» **WHAT THIS TASK INVOLVES**
Leaving the pictures aside, transcribe every line below exactly.

» **STORED DATA**
________________________
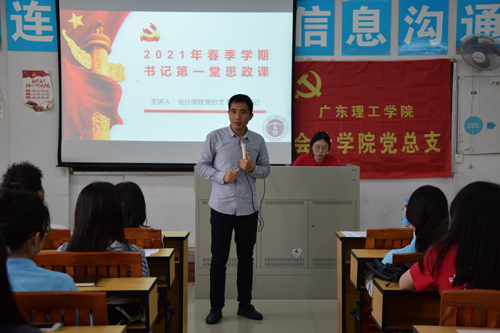本网讯(会计学院)为使会计学院师生养成良好的思想品德和正确的行为习惯,树立更好的社会责任感并提高自身素质,引导干部们做好新学期规划,了解会计学院本学期教学计划和目标,提升自己的执行力,3月16日下午,会计学院黎伯毅书记思政第一课在高要校区7211教室如期举行。学生党支部郭凤玮书记以及全体师生代表参加讲座。
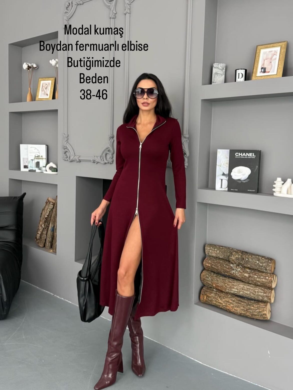 Modal Boydan fermuarlı elbise
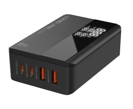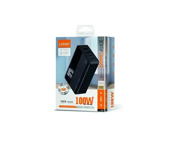 Сетевое зарядное устройство GaN LDNIO A4809C/ + LED дисплей/ PD+PPS+SCP+QC 4+/ 4 USB/ Выход: 3.3-20V, max 100W/ Черный
________________________
» **THE ANSWER**
本网讯(会计学院)为使会计学院师生养成良好的思想品德和正确的行为习惯,树立更好的社会责任感并提高自身素质,引导干部们做好新学期规划,了解会计学院本学期教学计划和目标,提升自己的执行力,3月16日下午,会计学院黎伯毅书记思政第一课在高要校区7211教室如期举行。学生党支部郭凤玮书记以及全体师生代表参加讲座。
 Modal Boydan fermuarlı elbise
 Сетевое зарядное устройство GaN LDNIO A4809C/ + LED дисплей/ PD+PPS+SCP+QC 4+/ 4 USB/ Выход: 3.3-20V, max 100W/ Черный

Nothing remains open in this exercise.